- Original language: Italian
- Written by: Dario Fo

= Trumpets and Raspberries =

Play written by Dario Fo

Trumpets and Raspberries (Italian title: Clacson, trombette e pernacchi) is a satirical play by Dario Fo, first performed in 1981.

==Plot summary==
The fictional plot revolves around a real political figure, Gianni Agnelli, head of the Fiat corporation from 1966 to 2003. When Agnelli is disfigured in a failed kidnap attempt, he is rescued by Antonio, one of his Fiat employees. Antonio flees the scene when people start shooting at him, leaving his jacket on Agnelli's body. Agnelli is taken to hospital in Antonio's jacket, where he mistakenly has his face reconstructed in Antonio's likeness.

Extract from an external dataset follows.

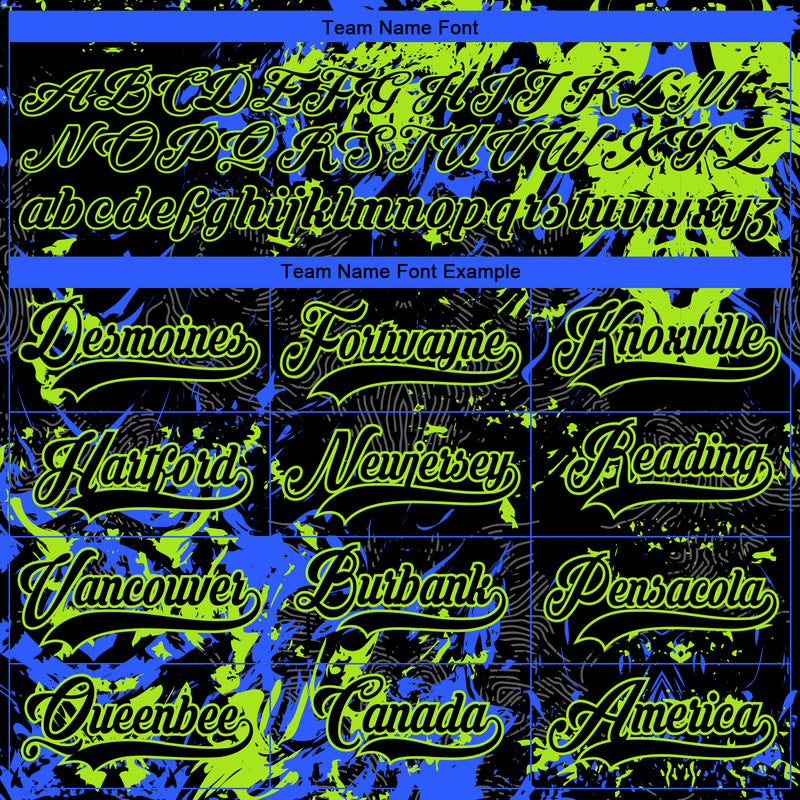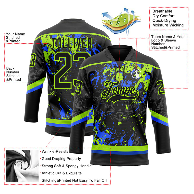 Custom Black Neon Green-Royal 3D Fluid Art Splash Hockey Lace Neck Jersey

Farcical confusion ensues.

==List of characters==
- Antonio Berardi / Gianni Agnelli (normally played by the same person)
- Rosa Berardi
- Lucia
- Police Inspector
- Magistrate
- Doctor
- Secret Agent Leader Fellini
- Policeman
- Man with Fridge
- Secret Agents / Orderlies
- Statue

==Translations==
- Fo, Dario. Trumpets and Raspberries, trans. Ed Emery.
- Fo, Dario. About Face. trans. Ron Jenkins, New York: Samuel French.

A performance of the Kurdish language adaption of the play was banned by representatives of the Turkish Government because the content of the play was deemed to support the Kurdistan Workers' Party (PKK).